Une constatation n’est pas une solution et il est temps de proposer quelques pistes réalistes.

 Qu’on occupe de manière utile les enfants au lieu de les « aider à passer le temps ». D’abord ils devraient passer de vraies journées à l’école, non pouvoir traîner en ville (au café!) et y avoir du vrai travail. Je vois trop de « travail de groupe », de « recherches sur internet », de « textes à trous » ou « à choix multiples », de tricheries en un mot. (je sais que le vrai travail demande de vraies corrections! Les conditions de vie actuelles du prof, le mépris qu’on a pour lui, ne l’incitent guère à faire des heures sup…). Un lecteur a proposé « moins de profs mais de bons profs ». Je ne connais toujours pas la définition du « bon prof » mais sais qu’une personne peu respectée dans son travail n’a pas tendance à se fatiguer inutilement.

 Un « service civique » a un temps remplacé le service militaire pour ceux qui voulaient y échapper. Une période d’activité ailleurs est favorable à l’épanouissement d’un jeune. Ceux qui vivent d’autres conditions que les leurs, cesseront de « cracher dans la soupe », ils comprendront aussi mieux ce que peut être une autre vie qu’en zappant à la télé entre Soudan, Zimbabwe… Notons que les milieux défavorisés dans nos pays riches pourraient certainement bénéficier aussi d’un service civique. Il serait plus facile à organiser et certainement utile, valorisant. Il peut se faire dès l’âge de 14 ans.
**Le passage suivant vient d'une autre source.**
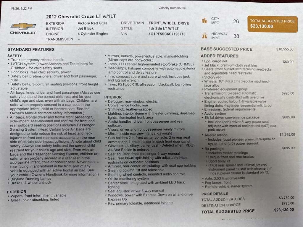 2012 Chevrolet Cruze 1LT Victory Red FWD ECOTEC 1.4L I4 DOHC VVT Turbocharged
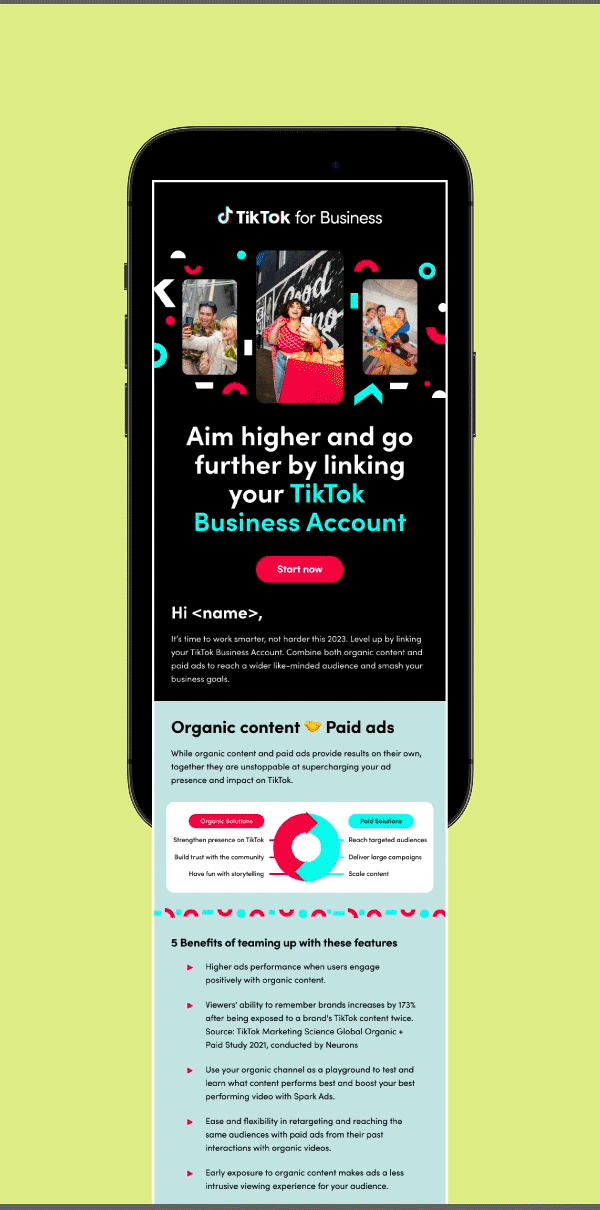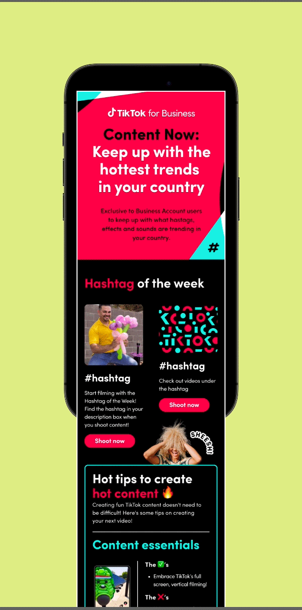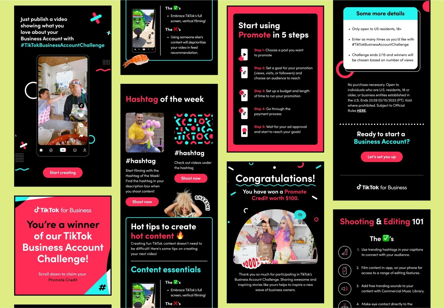 Giving our business account users very clear direction and planning as to what next steps should be taken with alignment of their own personal goals overview. In addition, design emails and H5 landing pages in tandem while following the TikTok brand guidelines.
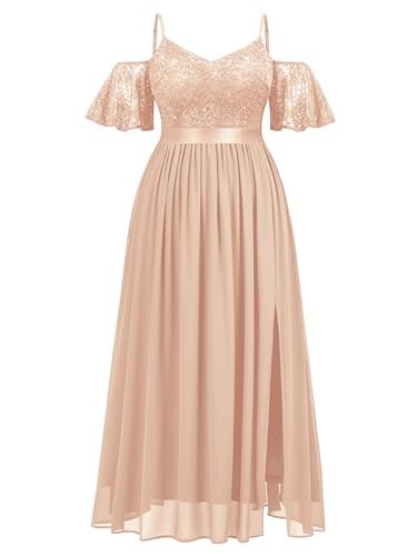 More information about MISSMAY Women's Plus Size Sequins Lace Off Shoulder Short Sleeves Slit Formal Wedding Guest Chiffon Long Dress
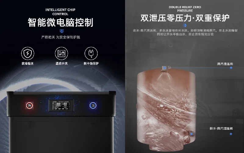 智能微電腦控制,自動對設備進行檢測,發現故障立即報警;雙泄壓雙重保護,防止水爆裂;充分考慮學生在實際使用中的情況,還加入更多的安全設計,讓學生們在使用過程中更安全,讓老師、家長們更放心。

 Qu’on cesse de considérer comme « adultes » des enfants de 18 ans dépendant à 100% de leurs parents. Actuellement, les parents DOIVENT légalement les entretenir et toute autorité leur a été enlevée. Il n’y a aucun équilibre entre droits et devoirs, le donnant-donnant n’a pas cours … et qu’on me montre l’adulte raisonnable qui se décarcasse sans nécessité! Il y en a … peu. Ne demandons pas à un enfant ce que nous ne faisons pas nous-mêmes.
Une solution? On pourrait « salarier » les élèves assidus. L’Etat réserverait une somme précise pour chaque année réussie, somme à employer pour les études futures, la construction d’une maison… et ceci dès la sixième. Celui qui n’a jamais redoublé a coûté bien moins à l’Etat que celui qui traîne à l’école. (les parents aimant leurs enfants applaudiraient et les encourageraient!) Celui qui ne veut ou ne peut rester à l’école après l’âge de 14 ans irait en apprentissage au lieu de traîner dans une école qui ne lui convient pas et où il empêche le progrès de ses copains. Ce système rendrait aux jeunes leur dignité et permettrait aux parents d’exercer quelques pressions.
Oui, je sais, les entreprises ne sont pas trop enthousiastes à l’idée de former « des marmots fainéants et exigeants ». Et si on faisait encore participer les parents? (au lieu de toujours tout demander à l’Etat, donc aux autres). Ils seraient peut-être désireux de mettre leurs enfants-rois au travail?

Il ya beaucoup de mesures à prendre pour arriver à rendre l’école « nécessaire » et mes trois exemples… ne sont que des exemples!

La nécessité est une notion relative – elle ne peut être la même en Angola et en France – et je crois possible de rendre conscients de jeunes enfants de la nécessité de travailler à l’école, de se rendre utiles, ayant observé très souvent à quel point l’enfant – jeune ou moins jeune – qui a rempli sa tâche est satisfait, à quel point celui qui a tué le temps est mal dans sa peau.